FileSource is just the simplest starting point. Lahuta supports multiple source types for different analysis and data types:

from lahuta.sources import (
    DatabaseHandleSource,
    DatabaseSource,
    DirectorySource,
    FileListSource,
    FileSource,
    MdTrajectoriesSource,
    NmrSource,
)

# One or more explicit files
src_files = FileSource(["core/data/1kx2_small.cif", "core/data/fubi.cif"])

# Scan a directory recursively
src_dir = DirectorySource("core/data", extensions=[".cif", ".cif.gz"], recursive=True)

# Read a text file with one input path per line
src_list = FileListSource("inputs.txt")

# Read records from an LMDB path
src_db = DatabaseSource("demo_db", batch=256)

# Read records from an existing open DB handle
src_db_handle = DatabaseHandleSource(db_handle, batch=256)

# Stream NMR multi-model inputs
src_nmr = NmrSource(["nmr_model.cif.gz"])

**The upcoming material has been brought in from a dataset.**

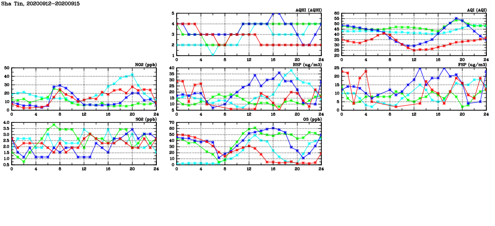 | Air Quality Data Time Series in Sha Tin (2020/09/15) | ( Line colors: Day -3 Day -2 Day -1 Current day ) | 2D Map Current AQHI |

# Stream MD trajectories (structure + XTC files)
src_md = MdTrajectoriesSource([
    ("traj.gro", ["traj.xtc"]),
])

In practice, you keep the same task code and swap only the source constructor based on where the data lives.

When you want full control, make the contact task explicit. This is the same operation with all key contact options shown:

from lahuta import ContactProvider, InteractionType
from lahuta.pipeline import ContactTask, InMemoryPolicy, Pipeline
from lahuta.sources import DirectorySource

p = Pipeline(DirectorySource("core/data", extensions=[".cif"], recursive=False))
p.add_task(
    name="contacts",
    task=ContactTask(
        provider=ContactProvider.MolStar,
        interaction_type=InteractionType.All,
    ),
    in_memory_policy=InMemoryPolicy.Keep,
)

Available contact providers are:

  • ContactProvider.MolStar
  • ContactProvider.Arpeggio
  • ContactProvider.GetContacts

You can add multiple contact tasks to the same pipeline run. This is useful when you want to compare provider behavior on the same structure set without running the source twice:

from lahuta import ContactProvider
from lahuta.pipeline import ContactTask, Pipeline
from lahuta.sources import FileListSource

p = Pipeline(FileListSource("inputs.txt"))
p.add_task(name="contacts_molstar",  task=ContactTask(provider=ContactProvider.MolStar))
p.add_task(name="contacts_arpeggio", task=ContactTask(provider=ContactProvider.Arpeggio))

out = p.run(threads=2)
molstar = out.to_dict("contacts_molstar")
arpeggio = out.to_dict("contacts_arpeggio")

The same graph can include your own Python functions, not only built-in contact tasks.
Custom tasks can read the current PipelineContext, use ctx.get_system() or ctx.get_topology() when needed, and emit text or JSON payloads into channels.